UPenn employs the bogey of antisemitism to smear a Palestinian literary event
The university’s stance mirrors Israel’s larger attempt to stamp out all forms of Palestinian resistance and dissent. Even by the pen.
On September 12, the University of Pennsylvania (UPenn) issued a public statement, implicitly condemning the Palestine Writes Literature Festival that’s being held on its campus.
“While the Festival will feature more than 100 speakers,” reads the statement, “ many have raised deep concerns about several speakers who have a documented and troubling history of engaging in antisemitism by speaking and acting in ways that denigrate Jewish people.

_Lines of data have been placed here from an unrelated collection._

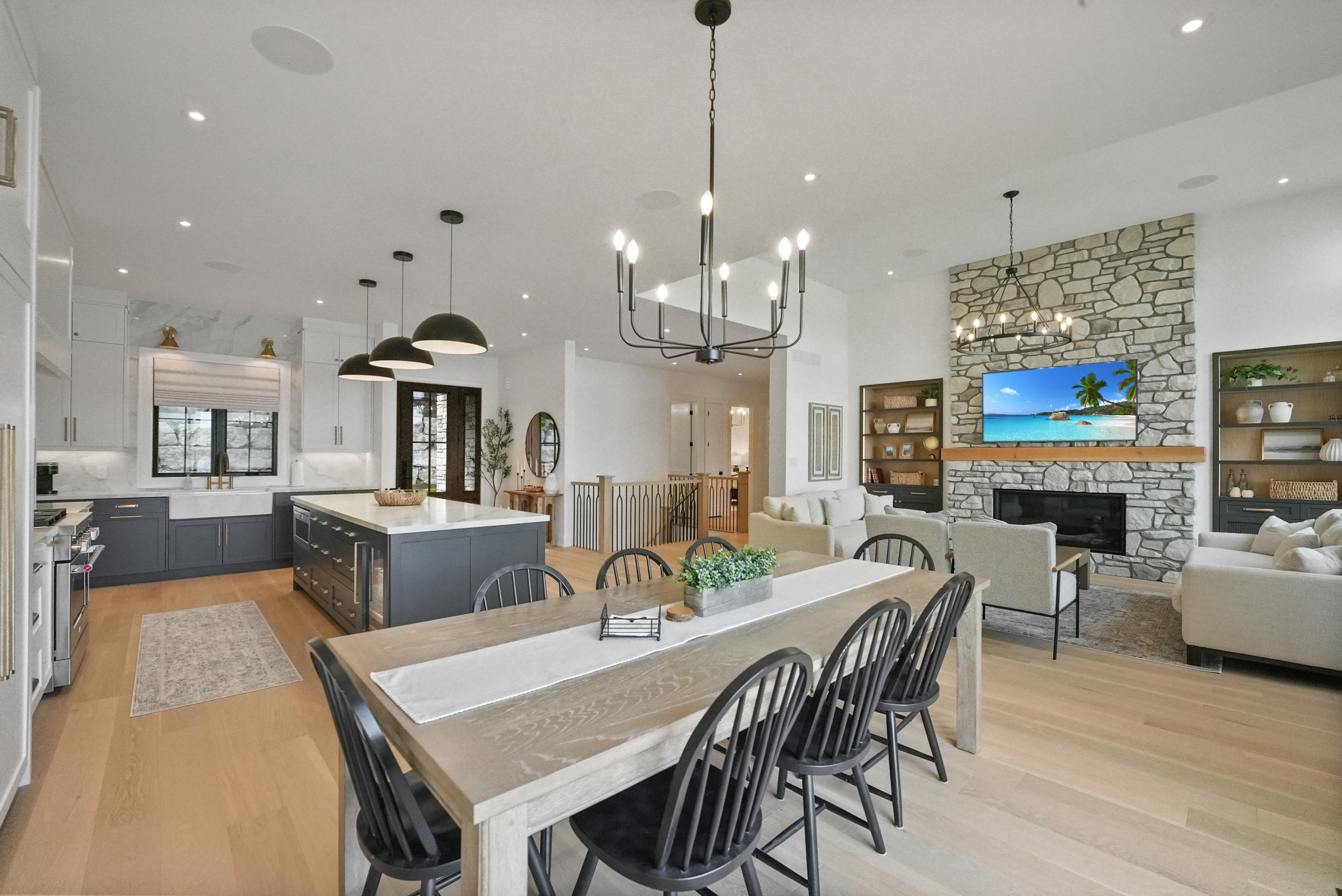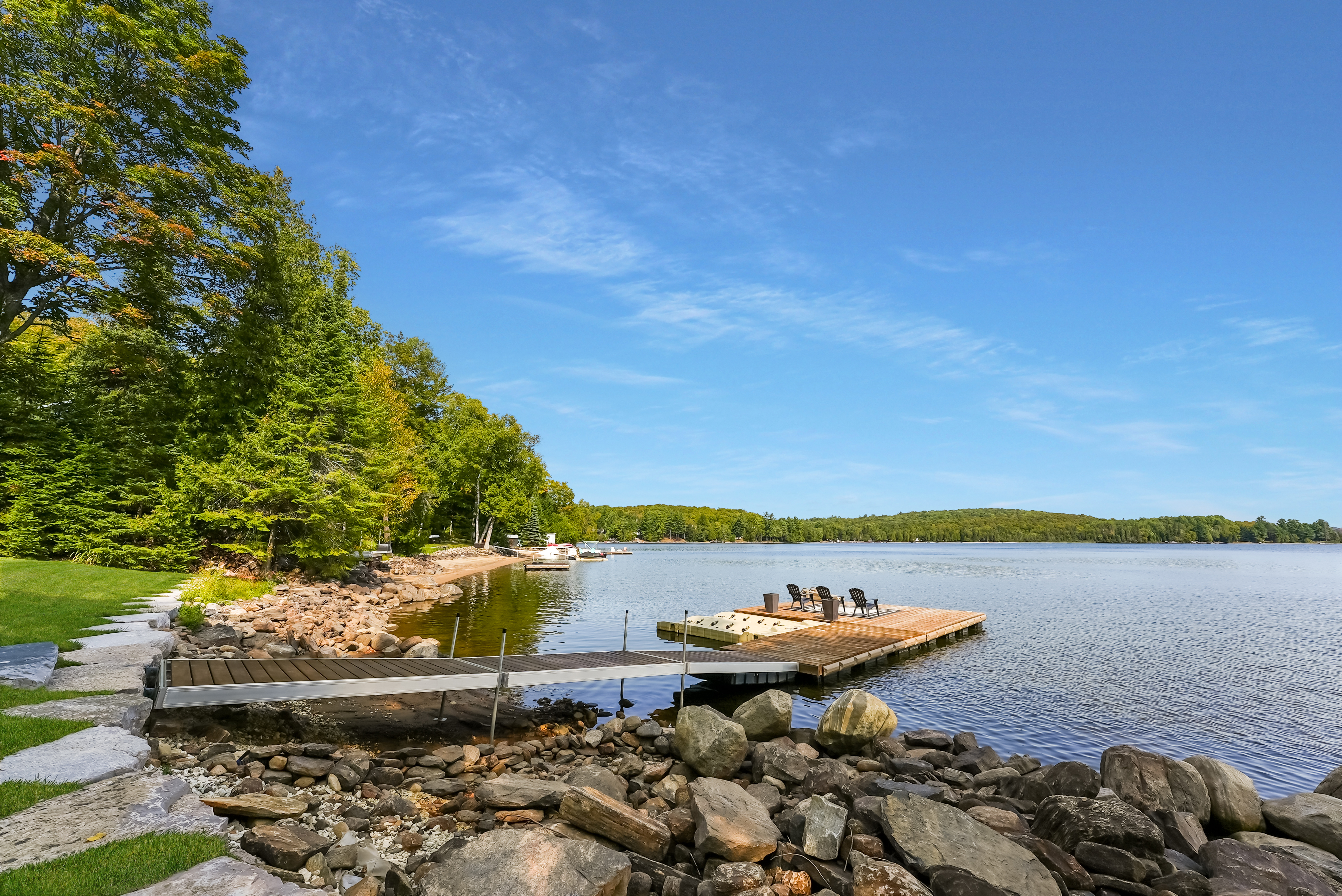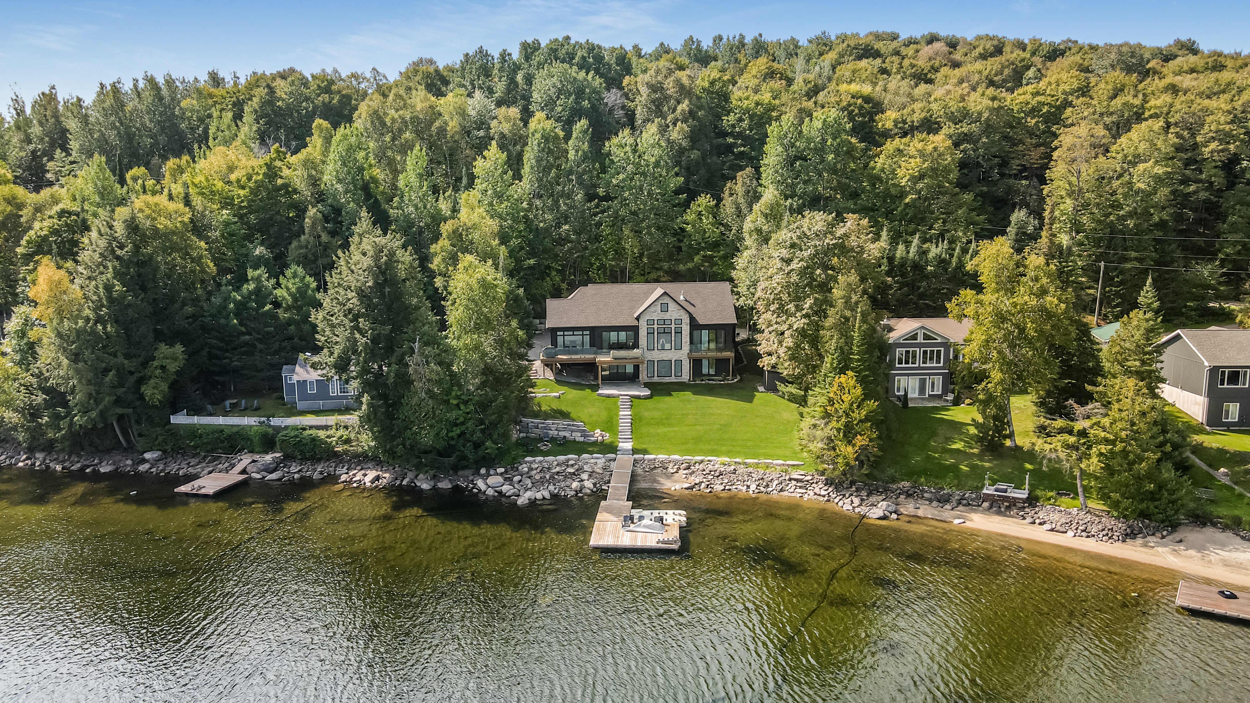 The main level features a soaring cathedral great room with a propane fireplace and a composite deck with glass railing that overlooks the expansive, clear lake. Walking through the door the view will take your breath away, as will the kitchen - boasting high-end appliances and extensive custom cabinetry that extends into a practical mudroom with laundry. In addition to the open concept main areas, You'll find four spacious bedrooms and three elegant bathrooms, plus an office and a fantastic sunroom for those lazy afternoons.
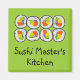Cute and colourful magnet for the sushi master of the household, featuring a picture of brightly coloured sushi and the words, Sushi Master's Kitchen. The text and background colour can be easily changed by clicking on the customise button. Visit the store for matching cards and gifts in this sushi range.
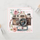 Este cartão de aniversário divertido apresenta uma câmera vintage caprichosa com um lugar para você inserir uma foto no centro da lente. A parte de trás do cartão apresenta outra câmera com cupcakes e uma saudação que diz "desejando uma foto perfeita de aniversário".
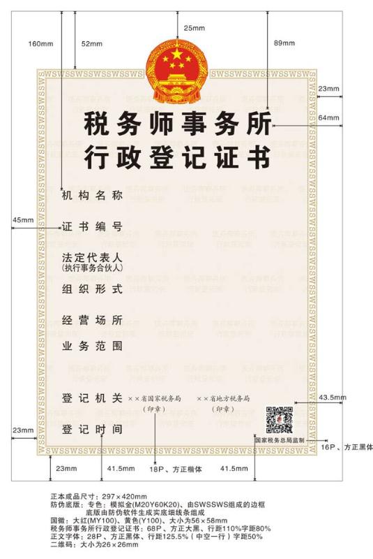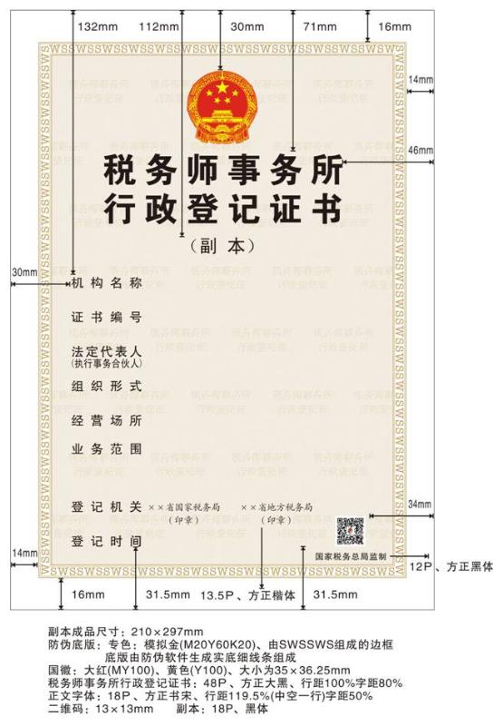 第三条 税务机关按照本规程规定,遵循公开、便捷原则,对符合条件的行政相对人予以行政登记,颁发《税务师事务所行政登记证书》(以下简称《登记证书》,见附件1)。《登记证书》式样由国家税务总局确定。
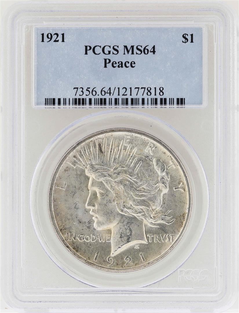 One 1921 $1 Peace Silver Dollar Coin PCGS MS64. PCGS Graded.
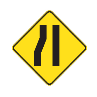 Le panneau « Chaussée rétrécie » (D-210-2-G) indique qu’il y a réduction de la largeur de la chaussée mais qu’il n’y a pas de réduction du nombre de voies de circulation. Le panneau D-210-2-G doit être utilisé pour indiquer un rétrécissement par la gauche
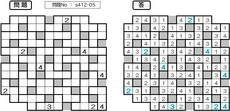 このパズルは1~4を使うSナンプレです。
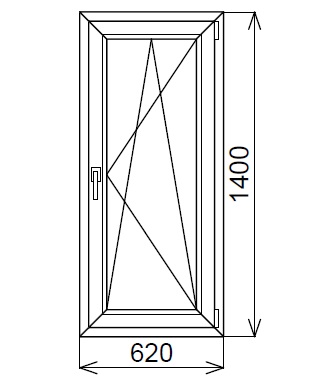 Одностворчатое окно. Створка поворотно-откидная. Петли справа, ручка слева, открывание правой рукой на себя.
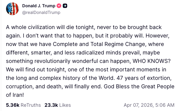 It doesn’t stop there. Trump this morning explicitly threatened war crimes in another post that I had to check to ensure it was real. It is. Clicking on the image will take you to the post.
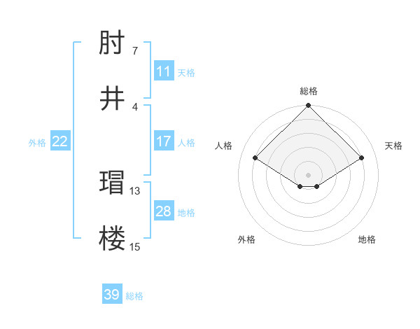 肘井 瑁楼さんを姓名の画数から五運を鑑定

We unequivocally -- and emphatically -- condemn antisemitism as antithetical to our institutional values”.
Though strongly worded, this passage of the statement ultimately has no legitimacy. Much as many of the festival’s participants, such as well-known UK musician Roger Waters, have an obvious – and laudable – history of contesting the criminality of Israel, none of them are antisemitic.
That would require them to be hateful towards Jews, which they’re not. The idea that they are in virtue of being anti-Israel is to, rather crudely, conflate opposition to the state – specifically on the basis of its longstanding oppression of the Palestinian people – with being antisemitic.
The conflation is no doubt a tired one. It’s routinely made by pro-Israeli lobbyists, for example, to silence critics of Israel for various nefarious (and dishonourable) reasons, such as to more easily allow Israel to commit egregious human rights violations against Palestine with impunity.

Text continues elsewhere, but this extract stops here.